- _EXERCISE REQUIREMENTS_
Given the entries that follow, write out exactly the lines starting at the one containing "Burk med ca" and ending at the one containing "Ostatnio często w", both ends included, and only those.

- _Items from a dataset_
──────────

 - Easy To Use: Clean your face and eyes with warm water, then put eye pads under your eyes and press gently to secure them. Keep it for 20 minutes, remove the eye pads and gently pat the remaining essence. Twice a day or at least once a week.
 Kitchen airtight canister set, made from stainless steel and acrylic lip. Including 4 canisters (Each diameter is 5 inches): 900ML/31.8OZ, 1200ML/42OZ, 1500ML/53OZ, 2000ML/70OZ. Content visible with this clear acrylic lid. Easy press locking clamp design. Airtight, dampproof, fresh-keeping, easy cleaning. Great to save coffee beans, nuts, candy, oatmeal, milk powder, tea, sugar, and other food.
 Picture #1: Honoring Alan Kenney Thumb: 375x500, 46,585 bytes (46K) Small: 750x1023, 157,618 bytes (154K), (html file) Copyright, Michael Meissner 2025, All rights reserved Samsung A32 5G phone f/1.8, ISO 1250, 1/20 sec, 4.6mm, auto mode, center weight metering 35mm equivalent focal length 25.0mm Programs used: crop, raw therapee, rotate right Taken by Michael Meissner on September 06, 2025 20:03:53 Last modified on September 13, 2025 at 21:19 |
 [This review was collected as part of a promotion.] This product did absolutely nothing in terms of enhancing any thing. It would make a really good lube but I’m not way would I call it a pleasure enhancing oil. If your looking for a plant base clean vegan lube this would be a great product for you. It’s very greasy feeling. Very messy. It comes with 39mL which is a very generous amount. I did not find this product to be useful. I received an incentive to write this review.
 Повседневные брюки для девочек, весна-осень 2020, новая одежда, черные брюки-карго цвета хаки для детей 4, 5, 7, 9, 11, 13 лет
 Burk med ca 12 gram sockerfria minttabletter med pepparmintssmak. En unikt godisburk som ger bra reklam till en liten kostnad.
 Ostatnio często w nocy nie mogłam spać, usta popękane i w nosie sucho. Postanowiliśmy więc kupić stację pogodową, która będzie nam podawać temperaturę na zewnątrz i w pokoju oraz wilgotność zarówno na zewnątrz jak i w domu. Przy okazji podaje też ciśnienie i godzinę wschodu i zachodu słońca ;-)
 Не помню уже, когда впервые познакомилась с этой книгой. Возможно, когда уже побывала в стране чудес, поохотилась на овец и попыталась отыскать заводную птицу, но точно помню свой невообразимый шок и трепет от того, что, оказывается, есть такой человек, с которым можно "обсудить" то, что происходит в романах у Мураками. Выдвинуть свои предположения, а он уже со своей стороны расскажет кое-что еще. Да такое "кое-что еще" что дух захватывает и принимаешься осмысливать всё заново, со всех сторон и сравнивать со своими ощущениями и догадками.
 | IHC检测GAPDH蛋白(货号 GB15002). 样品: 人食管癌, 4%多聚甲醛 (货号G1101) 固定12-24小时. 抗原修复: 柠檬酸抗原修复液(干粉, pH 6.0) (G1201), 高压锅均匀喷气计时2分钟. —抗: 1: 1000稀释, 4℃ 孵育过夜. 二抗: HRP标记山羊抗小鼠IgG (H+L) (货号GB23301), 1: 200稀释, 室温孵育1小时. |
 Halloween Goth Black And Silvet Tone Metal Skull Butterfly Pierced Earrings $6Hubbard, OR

──────────

- _RESPONSE TO THIS EXERCISE_
 Burk med ca 12 gram sockerfria minttabletter med pepparmintssmak. En unikt godisburk som ger bra reklam till en liten kostnad.
 Ostatnio często w nocy nie mogłam spać, usta popękane i w nosie sucho. Postanowiliśmy więc kupić stację pogodową, która będzie nam podawać temperaturę na zewnątrz i w pokoju oraz wilgotność zarówno na zewnątrz jak i w domu. Przy okazji podaje też ciśnienie i godzinę wschodu i zachodu słońca ;-)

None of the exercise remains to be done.